Самое невероятное было в том, что исчезнувшим (сказать «погибшим» нельзя, ведь без трупа, как известно, не погибают) пилотом была женщина по имени Виктория. Ни семьи, ни детей у нее не было, и некому было закрыть зеркала в ее пустом доме и нарядиться в черные одежды. Единственное, что она имела на земле – это тайную, сокрытую в самых глубоких шахтах рассудка, любовь со стороны всех Купаловских мужиков.
Уже на второй день после исчезновения Вики почему-то никто не мог вспомнить, как выглядело ее тело. Память не удержала в своих недрах ни лица Виктории, ни ее покрытых штанами бедер, ни выпячивающихся из-под летной формы (другой одежды она не носила) грудей. Даже местный художник, втайне от жены закрывшийся в кладовке и пытавшийся сотворить там портрет летчицы, лишь поставил на холст красную кляксу. Иными словами, был человек, и ничего не осталось…
Сам же художник-любитель, который был еще и авиационным доктором, сильно призадумался. Он понял, что был влюблен отнюдь не в безвозвратно исчезнувшее тело, а в какую-то тайну, которую оно в себе хранило. Тем более, он хорошо помнил свою первую встречу с таинственной девой.
- Скажите, почему Вам пришло в голову стать летчицей, - спросил доктор, поправляя ненавистные очки, из-за которых он так и не стал пилотом, - Ведь вы же женщина, а это так вредно для женских органов…
- Вы полагаете, они мне нужны?! – усмехнулась Вика, будто рассыпала вокруг себя груду ледяных кристаллов, - Я Вас поздравляю, ведь Вы стали ровно трехсотым человеком, удивившимся сочетанием меня с моей профессией. Но кто Вы такой, чтобы знать каждый закоулок этого мира!

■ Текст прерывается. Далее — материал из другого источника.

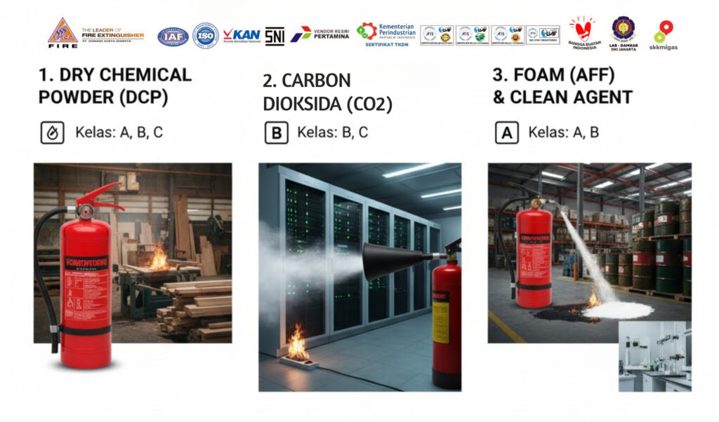 - Foam (Busa): Kelas A dan B. Cocok untuk area penyimpanan cairan mudah terbakar skala besar.

Неудавшийся летчик тогда опешил, уронил на пол бумаги, а потом подписал все необходимое, даже не подняв глаза на удивительную девушку.
Остальной служивый люд хорошо запомнил необычный взгляд Вики – она смотрела на человека так, будто тот уже давным-давно умер, и его дети умерли тоже. Никто не помнил и голоса летчицы, ибо она почти не говорила, а на вопросы отвечала короткими фразами, которые произносила столь чужим голосом, что некоторые даже полагали, будто горло у нее выковано из железа.
С ней пытались знакомиться, кое для кого приближение к пропитанной тайной Вике, стало чуть ли не смыслом жизни. Но девушка была неприступна даже не как скала, а как перистое облако, плывущее над ней.
В воздухе же Виктория была поистине гениальной. Никто еще здесь не летал так, как летала эта странная дева. Старые летчики во время ее полетов даже втыкали глаза в асфальт взлетной полосы, чтобы иглы стыда не так больно кололи сердце.
- Небеса ее любят, это ясно… - бормотал себе под нос майор Василенко, - Но и то правда, что не одних же мужиков им любить. Моя бабушка тоже из летунов была, как и дед, и они оба так и не разбились…
- В ее полетах есть что-то от полового акта. Ведь слово «воздух» – мужского рода, вот у них и любовь, - шипели злые языки.
И только один я все-таки узнал тайну воздушной девы. Она поведала ее мне, когда я, четырнадцатилетний мальчишка, забыл ключи от квартиры и бестолково выглядывал в лестничное окно в ожидании своего отца, начальника летной столовой прапорщика Сытого.
- Откроюсь тебе только потому, что скоро меня здесь не будет, - зашептала она совсем не ледяным тоном, увлекая меня в недра своей квартиры, - И как раз сейчас, в пятнадцать лет, тебе это надо узнать...
Далекий северный город, на одной из улиц которого сиротливо громоздилось замызганное здание какого-то института. Кругом щебетала веселая стая студентов, из которой посторонний глаз не сразу бы выцепил скромную невысокую девушку, неизменно державшую книгу под мышкой.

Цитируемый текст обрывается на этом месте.